Il Relative Strength Index (RSI) a 14 giorni è al di sotto della linea mediana, a 44 (neutrale), in linea con uno slancio contenuto.
Una ripresa decisiva al di sopra della media in calo sposterebbe la tendenza e aprirebbe spazio per una ripresa più ampia. Il mancato raggiungimento di questa barriera manterrebbe la pressione al ribasso e lascerebbe il controllo ai venditori. Un movimento dell’RSI sopra i 50 rafforzerebbe la narrazione della ripresa, mentre un ritorno ai minimi dei 40 avvertirebbe di una rinnovata debolezza.
(L’analisi tecnica di questa storia è stata scritta utilizzando uno strumento AI.)
Domande frequenti sull’argento
L’argento è un metallo prezioso molto scambiato tra gli investitori. In passato veniva utilizzato come riserva di valore e mezzo di scambio. Sebbene sia meno popolare dell’oro, i trader possono rivolgersi all’argento per diversificare il proprio portafoglio di investimenti, per il suo valore intrinseco o come potenziale copertura durante i periodi di elevata inflazione. Gli investitori possono acquistare argento fisico in monete o lingotti o scambiarlo attraverso veicoli come i fondi negoziati in borsa che ne seguono il prezzo sui mercati internazionali.
Il prezzo dell’argento può variare in base a diversi fattori. L’instabilità geopolitica o il timore di una profonda recessione possono far aumentare i prezzi dell’argento a causa del suo status di bene rifugio, anche se in misura minore rispetto all’oro. Essendo un asset non redditizio, l’argento tende ad apprezzarsi quando i tassi di interesse sono più bassi. I suoi movimenti dipendono anche dal comportamento del dollaro statunitense (USD) quando l’asset è valutato in dollari (XAG/USD). Un dollaro forte tende a tenere sotto controllo i prezzi dell’argento, mentre un dollaro più debole probabilmente spingerà i prezzi più in alto.

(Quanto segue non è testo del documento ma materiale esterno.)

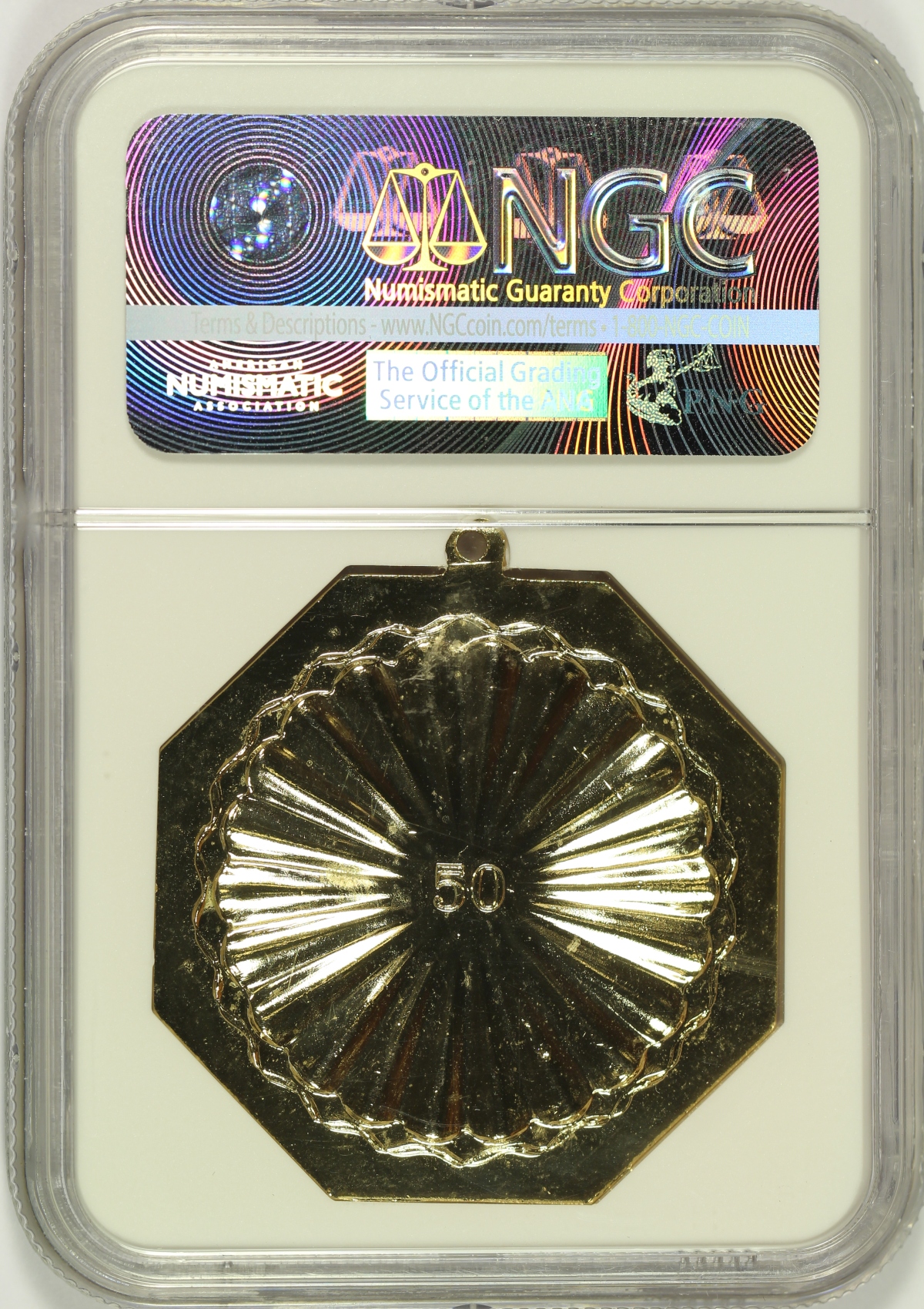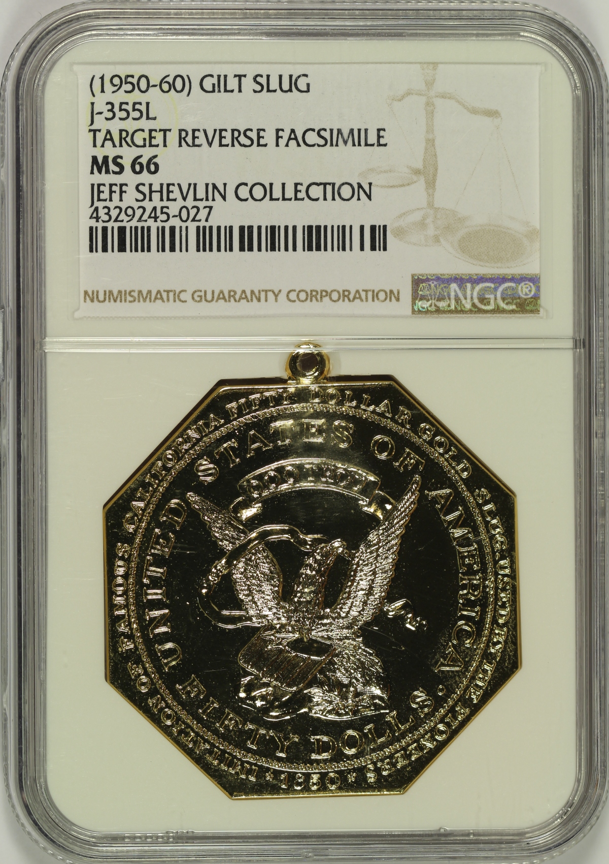 (1950-60) $50 Gilt Slug Target Reverse Facsimile NGC MS66

Anche altri fattori come la domanda di investimenti, l’offerta mineraria (l’argento è molto più comune dell’oro) e i tassi di riciclaggio possono incidere sui prezzi.
L’argento è ampiamente utilizzato nell’industria, in particolare in settori quali l’elettronica o l’energia solare, perché ha una delle conduttività elettriche più elevate di qualsiasi altro metallo, più del rame e dell’oro. Un aumento della domanda può far aumentare i prezzi, mentre una diminuzione tende ad abbassarli. Anche le dinamiche nelle economie di Stati Uniti, Cina e India possono contribuire alle fluttuazioni dei prezzi: negli Stati Uniti e soprattutto in Cina, i loro grandi settori industriali utilizzano l’argento in vari processi; In India, anche la domanda dei consumatori per il metallo prezioso per la gioielleria gioca un ruolo cruciale nella determinazione dei prezzi.
Il prezzo dell’argento tende a seguire i movimenti dell’oro. Quando i prezzi dell’oro salgono, l’argento tende a seguire l’esempio poiché il loro status di bene rifugio è simile. Il rapporto oro/argento, che indica il numero di once d’argento necessarie per eguagliare il valore di un’oncia d’oro, può aiutare a determinare la valutazione relativa di entrambi i metalli. Alcuni investitori potrebbero considerare un rapporto elevato come un indicatore del fatto che l’argento è sottovalutato o che l’oro è sopravvalutato. Al contrario, un rapporto basso potrebbe indicare che l’oro è sottovalutato rispetto all’argento.